Harsh financial reality means that newsrooms have fewer journalists struggling to produce more content than ever before around the clock. On the whole, journalists are younger and less experienced now than they were (just as social workers are), and they answer to editors who demand stories to be told succinctly and unambiguously. The presumption is that readers will drift away after a couple of hundred words, and that they want stories about people, not processes. This demands a simple narrative that does not lend itself to unpicking the complexities of a case involving multiple agencies. It requires a victim and somebody to blame. It requires grief, and it requires somebody calling for justice. Anything beyond that is unlikely to survive the first cut.
News organisations rarely send journalists to cover anything other than the highest profile court cases. Reporters are highly unlikely to attend inquests or family courts. All nuances are lost in the scramble to distil lengthy and complex serious case reviews to just two or three bullet points and soundbites. Few specialist correspondents have survived the newsroom cull, but even they are likely to be swept aside by crime or political reporters for the biggest stories of failings in social services. This means that coverage is in the hands of journalists who don’t know, or simply don’t care, how the system works.

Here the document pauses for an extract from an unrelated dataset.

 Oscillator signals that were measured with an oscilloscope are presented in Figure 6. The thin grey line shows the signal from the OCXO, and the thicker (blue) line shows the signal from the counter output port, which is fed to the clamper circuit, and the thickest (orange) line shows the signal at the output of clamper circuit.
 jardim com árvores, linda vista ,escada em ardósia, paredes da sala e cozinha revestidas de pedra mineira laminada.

It would be wrong to suggest that there ever was a golden age in which journalists and social workers saw themselves as kindred spirits. But there is no doubt that the gulf between the two sides is as wide as it ever has been. Some of this is down to the politics of austerity. We know that dwindling resources has a huge impact on the effectiveness of social services. Yet any attempt to invoke austerity as a factor when things go wrong invites opprobrium.
Digital media offers some respite. There is a proliferation of outlets for social workers to share their views and experience, from the Guardian’s professional networks to Facebook and Twitter. They can reach policy makers and commissioners of services and, occasionally, these stories spill over into the mainstream media. The challenge is to escape from the echo chamber to challenge public perceptions of social work.

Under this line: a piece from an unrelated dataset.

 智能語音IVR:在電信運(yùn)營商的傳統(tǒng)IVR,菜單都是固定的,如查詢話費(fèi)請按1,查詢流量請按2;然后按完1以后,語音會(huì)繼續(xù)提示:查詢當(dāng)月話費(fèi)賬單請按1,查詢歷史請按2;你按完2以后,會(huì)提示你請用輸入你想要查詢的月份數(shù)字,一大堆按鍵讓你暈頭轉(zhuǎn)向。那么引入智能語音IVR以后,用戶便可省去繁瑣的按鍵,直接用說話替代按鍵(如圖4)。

Are social work and the media a hopeless case in 2017 and the age of post truth? It certainly feels like a long way back. But it matters, profoundly, because without public support there can be no meaningful, lasting change. Individual social workers have a role to play in challenging the narrative by celebrating their successes as publicly and as widely as possible. They can exert pressure on managers to be less defensive and show pride in the achievements of social work. Much of what social workers do doesn’t get talked about because, ironically, it is taken for granted. In the end, it is about open, confident and inclusive leadership to engage with the media on equal terms.